[[ RECORDS SUPPLIED, beginning ]]

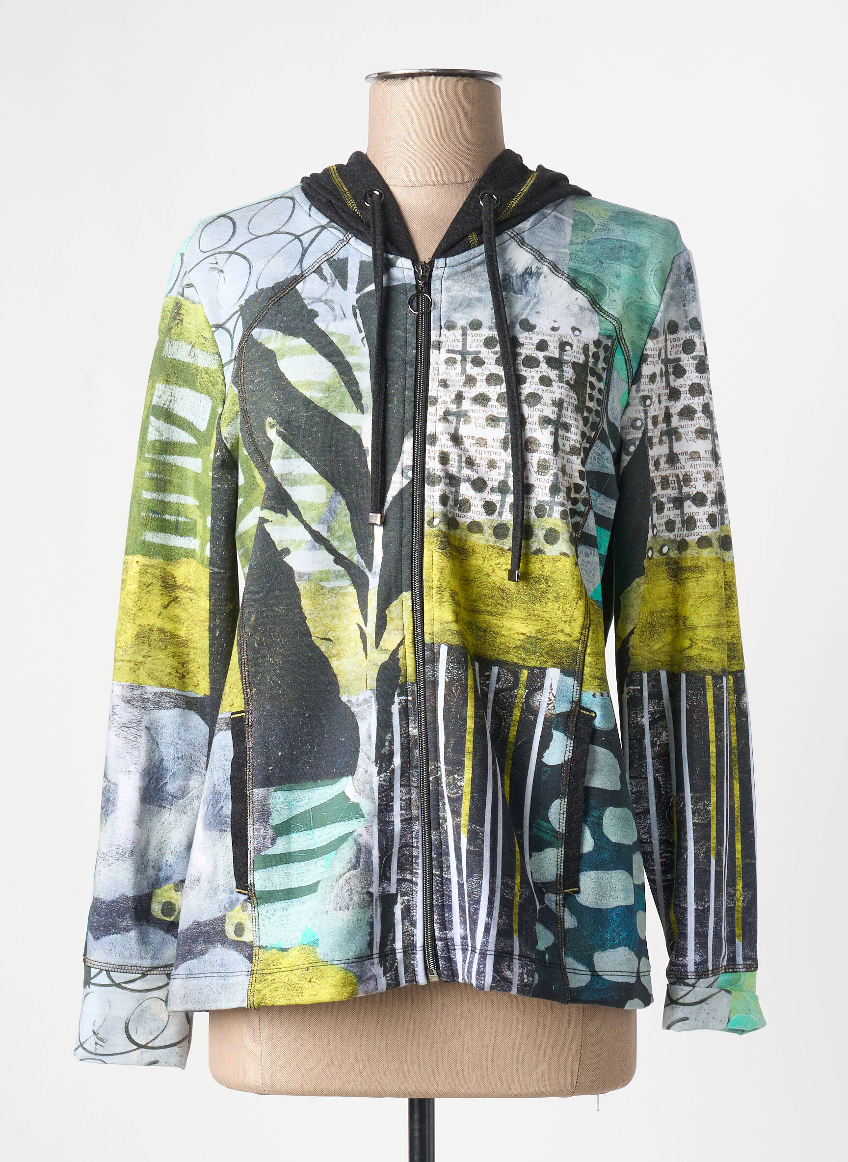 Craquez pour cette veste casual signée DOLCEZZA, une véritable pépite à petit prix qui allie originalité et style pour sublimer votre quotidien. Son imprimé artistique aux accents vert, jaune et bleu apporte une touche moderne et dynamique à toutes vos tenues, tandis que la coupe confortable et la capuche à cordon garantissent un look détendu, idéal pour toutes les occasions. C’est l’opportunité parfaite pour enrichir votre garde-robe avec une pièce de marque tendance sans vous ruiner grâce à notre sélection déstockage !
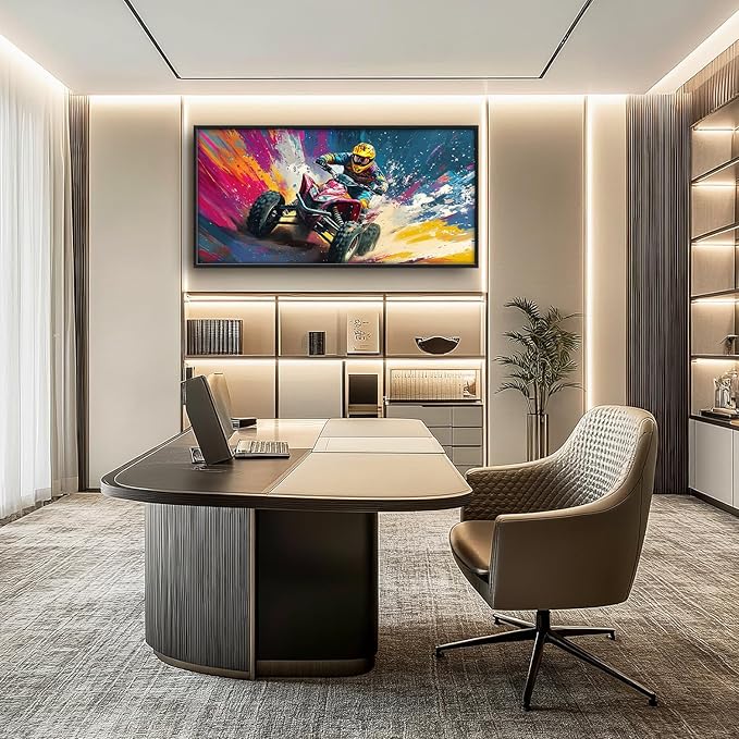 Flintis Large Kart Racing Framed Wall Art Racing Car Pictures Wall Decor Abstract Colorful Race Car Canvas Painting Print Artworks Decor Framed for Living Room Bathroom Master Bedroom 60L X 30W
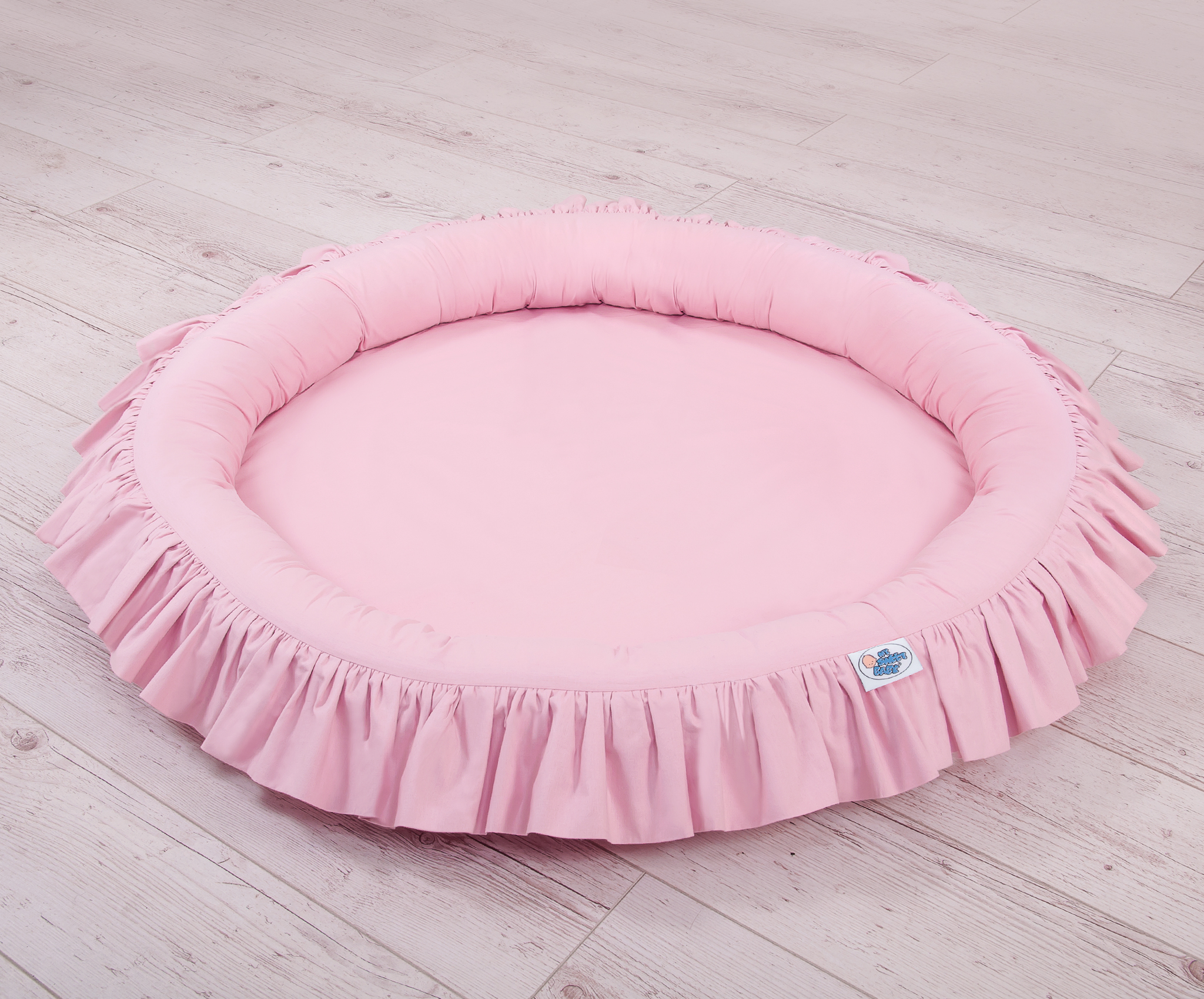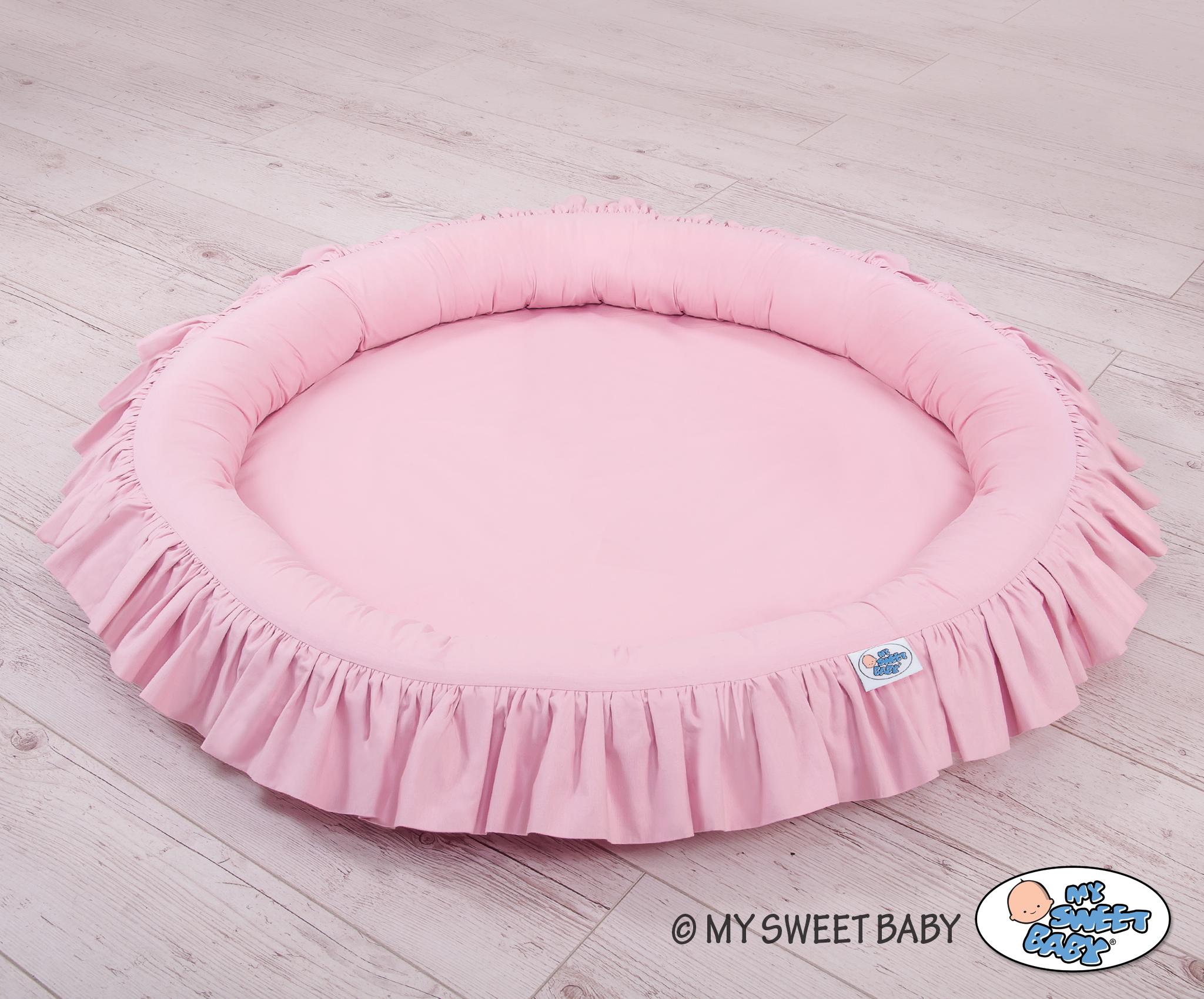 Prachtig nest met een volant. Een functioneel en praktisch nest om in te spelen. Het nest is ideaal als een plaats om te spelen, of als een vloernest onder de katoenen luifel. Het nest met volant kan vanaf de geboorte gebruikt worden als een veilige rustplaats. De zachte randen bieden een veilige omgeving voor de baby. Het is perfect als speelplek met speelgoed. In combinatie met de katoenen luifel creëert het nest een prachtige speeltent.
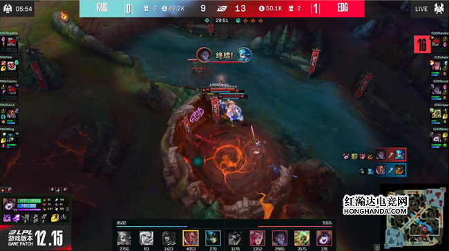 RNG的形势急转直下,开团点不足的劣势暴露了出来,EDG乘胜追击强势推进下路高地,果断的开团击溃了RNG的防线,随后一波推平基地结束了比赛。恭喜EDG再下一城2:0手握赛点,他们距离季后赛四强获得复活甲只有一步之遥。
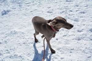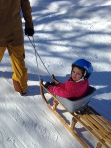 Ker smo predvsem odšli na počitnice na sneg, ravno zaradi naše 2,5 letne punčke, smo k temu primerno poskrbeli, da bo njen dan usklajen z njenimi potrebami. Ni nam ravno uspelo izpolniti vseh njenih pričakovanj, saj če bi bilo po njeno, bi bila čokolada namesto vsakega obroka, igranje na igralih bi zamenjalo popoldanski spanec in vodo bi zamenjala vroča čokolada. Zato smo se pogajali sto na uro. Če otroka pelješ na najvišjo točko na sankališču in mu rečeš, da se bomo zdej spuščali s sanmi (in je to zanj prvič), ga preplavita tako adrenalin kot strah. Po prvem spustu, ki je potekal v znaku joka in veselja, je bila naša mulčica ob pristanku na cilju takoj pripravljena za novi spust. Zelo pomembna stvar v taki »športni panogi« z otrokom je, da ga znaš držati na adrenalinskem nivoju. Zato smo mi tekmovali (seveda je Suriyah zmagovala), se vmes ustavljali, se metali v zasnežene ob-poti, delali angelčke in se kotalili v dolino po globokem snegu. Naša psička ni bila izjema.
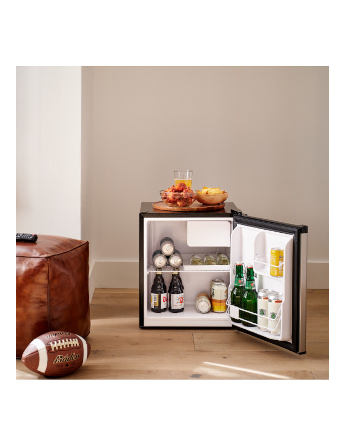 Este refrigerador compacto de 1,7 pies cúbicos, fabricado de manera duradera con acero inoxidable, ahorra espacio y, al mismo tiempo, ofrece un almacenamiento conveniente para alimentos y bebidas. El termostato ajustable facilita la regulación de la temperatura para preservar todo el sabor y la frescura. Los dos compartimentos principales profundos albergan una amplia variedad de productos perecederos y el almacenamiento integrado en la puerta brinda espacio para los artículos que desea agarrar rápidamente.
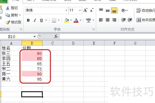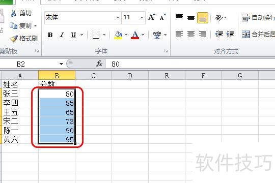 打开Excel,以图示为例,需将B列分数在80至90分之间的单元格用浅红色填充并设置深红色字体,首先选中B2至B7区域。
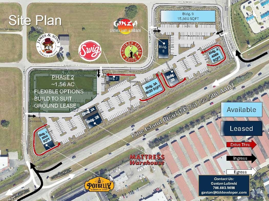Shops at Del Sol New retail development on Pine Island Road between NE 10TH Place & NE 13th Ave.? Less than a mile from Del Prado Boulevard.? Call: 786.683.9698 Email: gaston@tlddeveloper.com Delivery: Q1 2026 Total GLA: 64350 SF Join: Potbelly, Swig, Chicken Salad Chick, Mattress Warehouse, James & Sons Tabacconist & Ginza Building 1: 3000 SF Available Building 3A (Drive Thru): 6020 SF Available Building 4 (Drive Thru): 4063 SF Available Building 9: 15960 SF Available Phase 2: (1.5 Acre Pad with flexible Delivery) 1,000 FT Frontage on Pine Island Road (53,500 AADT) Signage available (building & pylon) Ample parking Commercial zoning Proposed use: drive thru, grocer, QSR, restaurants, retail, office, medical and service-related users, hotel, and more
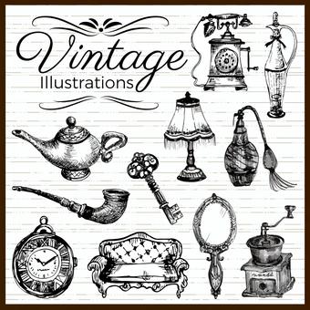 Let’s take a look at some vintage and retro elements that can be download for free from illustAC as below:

[[ RECORDS SUPPLIED, end ]]

* WHAT NEEDS TO BE DONE
Every line of the records above should be copied exactly, while the pictures are left behind.

* TASK RESPONSE
 Craquez pour cette veste casual signée DOLCEZZA, une véritable pépite à petit prix qui allie originalité et style pour sublimer votre quotidien. Son imprimé artistique aux accents vert, jaune et bleu apporte une touche moderne et dynamique à toutes vos tenues, tandis que la coupe confortable et la capuche à cordon garantissent un look détendu, idéal pour toutes les occasions. C’est l’opportunité parfaite pour enrichir votre garde-robe avec une pièce de marque tendance sans vous ruiner grâce à notre sélection déstockage !
 Flintis Large Kart Racing Framed Wall Art Racing Car Pictures Wall Decor Abstract Colorful Race Car Canvas Painting Print Artworks Decor Framed for Living Room Bathroom Master Bedroom 60L X 30W
 Prachtig nest met een volant. Een functioneel en praktisch nest om in te spelen. Het nest is ideaal als een plaats om te spelen, of als een vloernest onder de katoenen luifel. Het nest met volant kan vanaf de geboorte gebruikt worden als een veilige rustplaats. De zachte randen bieden een veilige omgeving voor de baby. Het is perfect als speelplek met speelgoed. In combinatie met de katoenen luifel creëert het nest een prachtige speeltent.
 RNG的形势急转直下,开团点不足的劣势暴露了出来,EDG乘胜追击强势推进下路高地,果断的开团击溃了RNG的防线,随后一波推平基地结束了比赛。恭喜EDG再下一城2:0手握赛点,他们距离季后赛四强获得复活甲只有一步之遥。
 Ker smo predvsem odšli na počitnice na sneg, ravno zaradi naše 2,5 letne punčke, smo k temu primerno poskrbeli, da bo njen dan usklajen z njenimi potrebami. Ni nam ravno uspelo izpolniti vseh njenih pričakovanj, saj če bi bilo po njeno, bi bila čokolada namesto vsakega obroka, igranje na igralih bi zamenjalo popoldanski spanec in vodo bi zamenjala vroča čokolada. Zato smo se pogajali sto na uro. Če otroka pelješ na najvišjo točko na sankališču in mu rečeš, da se bomo zdej spuščali s sanmi (in je to zanj prvič), ga preplavita tako adrenalin kot strah. Po prvem spustu, ki je potekal v znaku joka in veselja, je bila naša mulčica ob pristanku na cilju takoj pripravljena za novi spust. Zelo pomembna stvar v taki »športni panogi« z otrokom je, da ga znaš držati na adrenalinskem nivoju. Zato smo mi tekmovali (seveda je Suriyah zmagovala), se vmes ustavljali, se metali v zasnežene ob-poti, delali angelčke in se kotalili v dolino po globokem snegu. Naša psička ni bila izjema.
 Este refrigerador compacto de 1,7 pies cúbicos, fabricado de manera duradera con acero inoxidable, ahorra espacio y, al mismo tiempo, ofrece un almacenamiento conveniente para alimentos y bebidas. El termostato ajustable facilita la regulación de la temperatura para preservar todo el sabor y la frescura. Los dos compartimentos principales profundos albergan una amplia variedad de productos perecederos y el almacenamiento integrado en la puerta brinda espacio para los artículos que desea agarrar rápidamente.
 打开Excel,以图示为例,需将B列分数在80至90分之间的单元格用浅红色填充并设置深红色字体,首先选中B2至B7区域。
Shops at Del Sol New retail development on Pine Island Road between NE 10TH Place & NE 13th Ave.? Less than a mile from Del Prado Boulevard.? Call: 786.683.9698 Email: gaston@tlddeveloper.com Delivery: Q1 2026 Total GLA: 64350 SF Join: Potbelly, Swig, Chicken Salad Chick, Mattress Warehouse, James & Sons Tabacconist & Ginza Building 1: 3000 SF Available Building 3A (Drive Thru): 6020 SF Available Building 4 (Drive Thru): 4063 SF Available Building 9: 15960 SF Available Phase 2: (1.5 Acre Pad with flexible Delivery) 1,000 FT Frontage on Pine Island Road (53,500 AADT) Signage available (building & pylon) Ample parking Commercial zoning Proposed use: drive thru, grocer, QSR, restaurants, retail, office, medical and service-related users, hotel, and more
 Let’s take a look at some vintage and retro elements that can be download for free from illustAC as below:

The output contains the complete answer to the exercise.